Supplied information section start

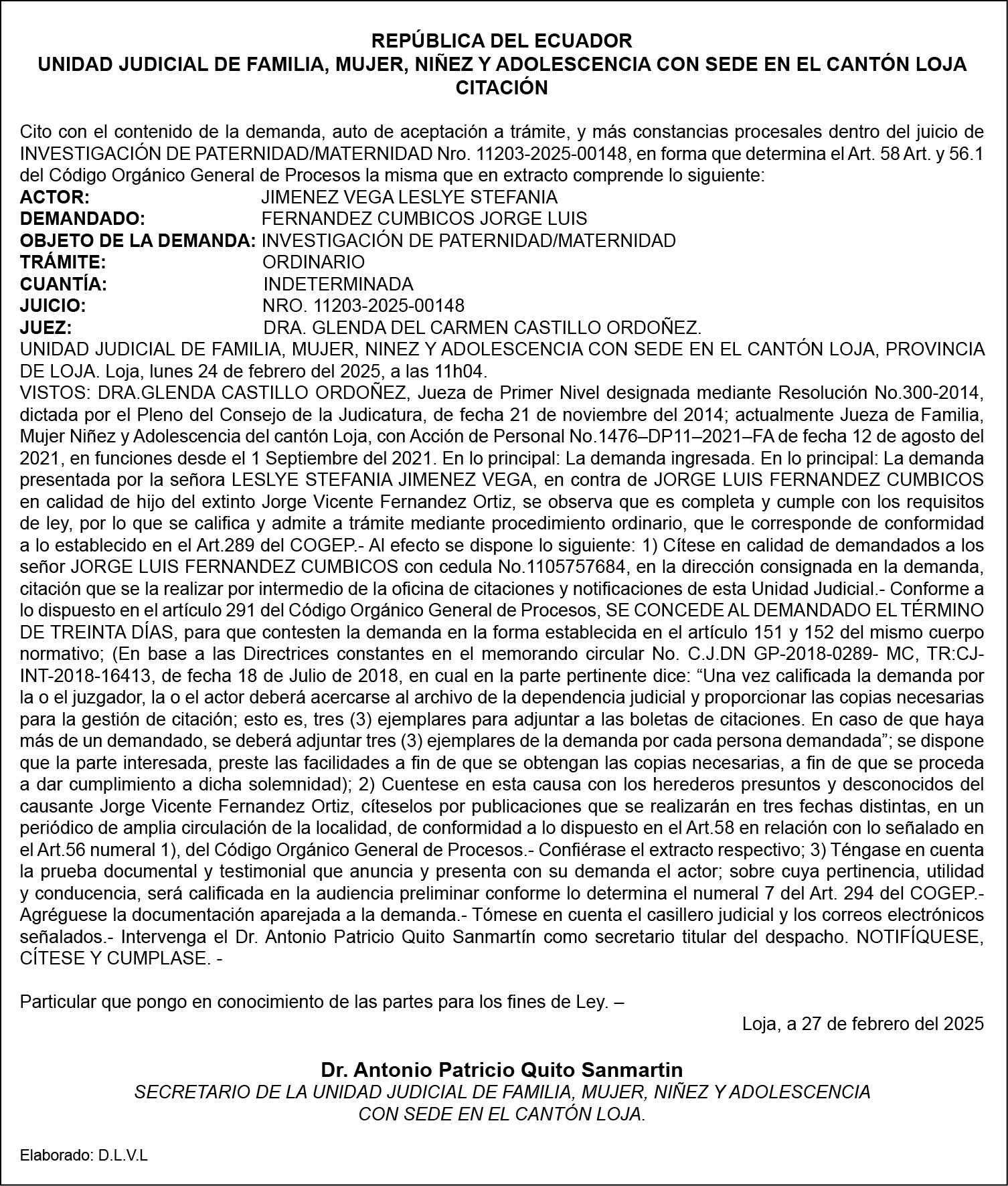 grancia y formulación de cargos se realizará este miércoles 7 de mayo de 2025, a las 08:00, en la Unidad Judicial Multicompetente de la Corte de Justicia de Loja, en ese cantón.
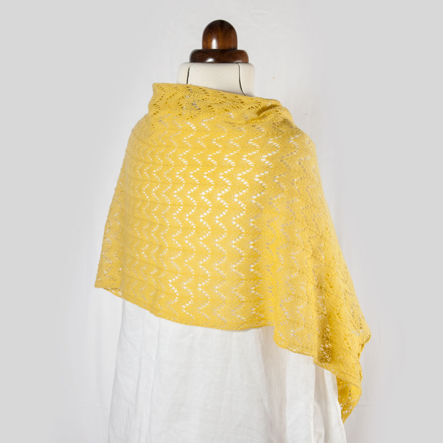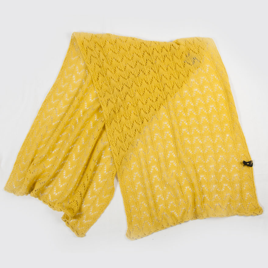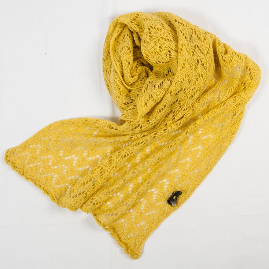 Tørklædet har en påsyet knap, der giver flere måder at bære halstørklædet på.
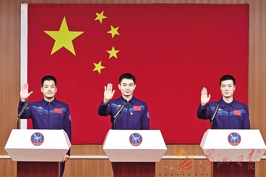 4月24日,神舟十八号载人飞行任务航天员叶光富(中)、李聪(右)、李广苏在酒泉卫星发射中心问天阁与中外媒体记者集体见面。 新华社 发
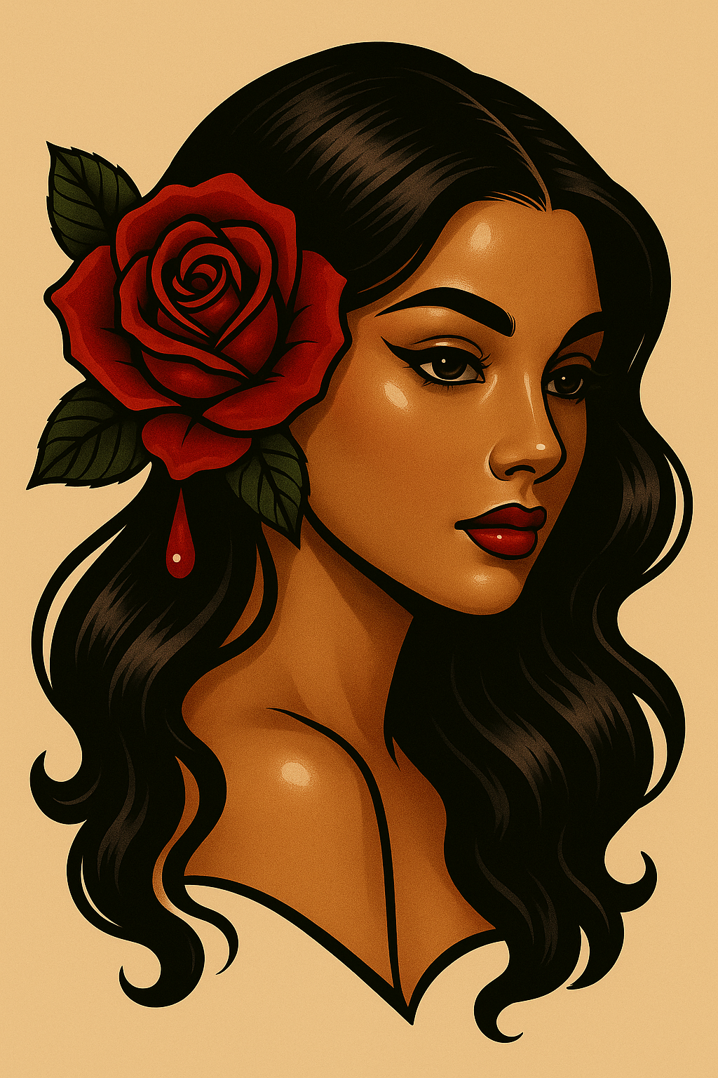 /Collection: /by davooda/Type: PNG/A striking illustration of a woman with long, flowing black hair, adorned with a red rose that has a drop of blood. The background is a soft beige, enhancing the vivid colors.
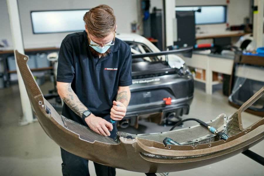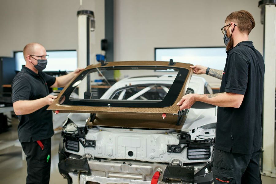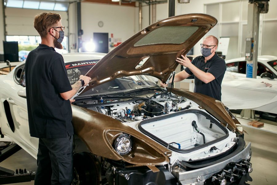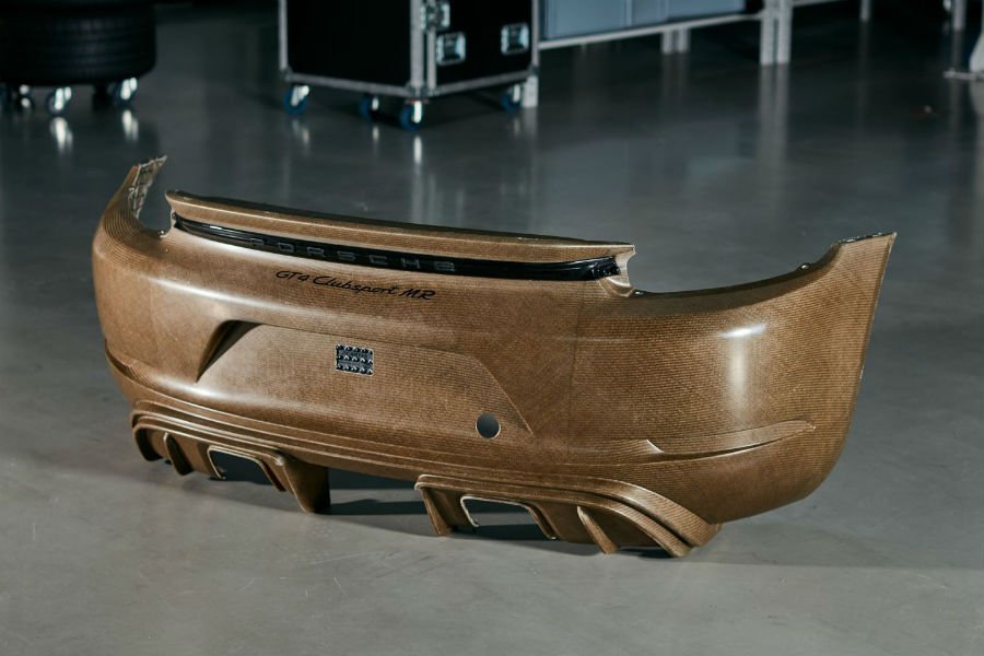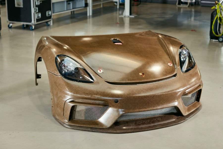 Από το 2019, η Porsche κατασκευάζει τις πόρτες και την πίσω αεροτομή της GT4 Clubsport MR από φυσικά ανακυκλώσιμα υλικά, με βάση το λιναρόσπορο! Φέτος πηγαίνει ένα βήμα παραπέρα και, για πρώτη φορά, κατασκευάζει από πολυμερές λιναριού ολόκληρο το εμπρός τμήμα (φτερά, προφυλακτήρας, splitter, καπό) και το μεγαλύτερο κομμάτι του πίσω (προφυλακτήρας, διαχύτης, κάλυμμα κινητήρα)! Το υλικό αυτό παρουσιάζει παρόμοιες ιδιότητες με τα ανθρακονήματα (απαγωγή θερμότητας, αντοχή, χαμηλό βάρος), αλλά είναι πιο οικονομικό και λιγότερο ενεργοβόρο (βλέπε εκπομπές ρύπων κατά την παραγωγική διαδικασία) στην κατασκευή του.
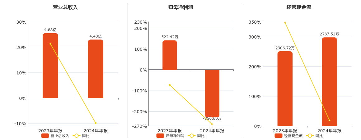 公司营业总收入为4.40亿元,较去年同报告期营业总收入减少4807.62万元,同比较去年同期下降9.85%。归母净利润为-850.60万元,较去年同报告期归母净利润减少1373.02万元,同比较去年同期下降262.82%。经营活动现金净流入为2737.52万元。

Supplied information section end

**Exercise objective:** From the first line to the last, retype the entries above exactly, minus the pictures.

**Exercise result:**
 grancia y formulación de cargos se realizará este miércoles 7 de mayo de 2025, a las 08:00, en la Unidad Judicial Multicompetente de la Corte de Justicia de Loja, en ese cantón.
 Tørklædet har en påsyet knap, der giver flere måder at bære halstørklædet på.
 4月24日,神舟十八号载人飞行任务航天员叶光富(中)、李聪(右)、李广苏在酒泉卫星发射中心问天阁与中外媒体记者集体见面。 新华社 发
 /Collection: /by davooda/Type: PNG/A striking illustration of a woman with long, flowing black hair, adorned with a red rose that has a drop of blood. The background is a soft beige, enhancing the vivid colors.
 Από το 2019, η Porsche κατασκευάζει τις πόρτες και την πίσω αεροτομή της GT4 Clubsport MR από φυσικά ανακυκλώσιμα υλικά, με βάση το λιναρόσπορο! Φέτος πηγαίνει ένα βήμα παραπέρα και, για πρώτη φορά, κατασκευάζει από πολυμερές λιναριού ολόκληρο το εμπρός τμήμα (φτερά, προφυλακτήρας, splitter, καπό) και το μεγαλύτερο κομμάτι του πίσω (προφυλακτήρας, διαχύτης, κάλυμμα κινητήρα)! Το υλικό αυτό παρουσιάζει παρόμοιες ιδιότητες με τα ανθρακονήματα (απαγωγή θερμότητας, αντοχή, χαμηλό βάρος), αλλά είναι πιο οικονομικό και λιγότερο ενεργοβόρο (βλέπε εκπομπές ρύπων κατά την παραγωγική διαδικασία) στην κατασκευή του.
 公司营业总收入为4.40亿元,较去年同报告期营业总收入减少4807.62万元,同比较去年同期下降9.85%。归母净利润为-850.60万元,较去年同报告期归母净利润减少1373.02万元,同比较去年同期下降262.82%。经营活动现金净流入为2737.52万元。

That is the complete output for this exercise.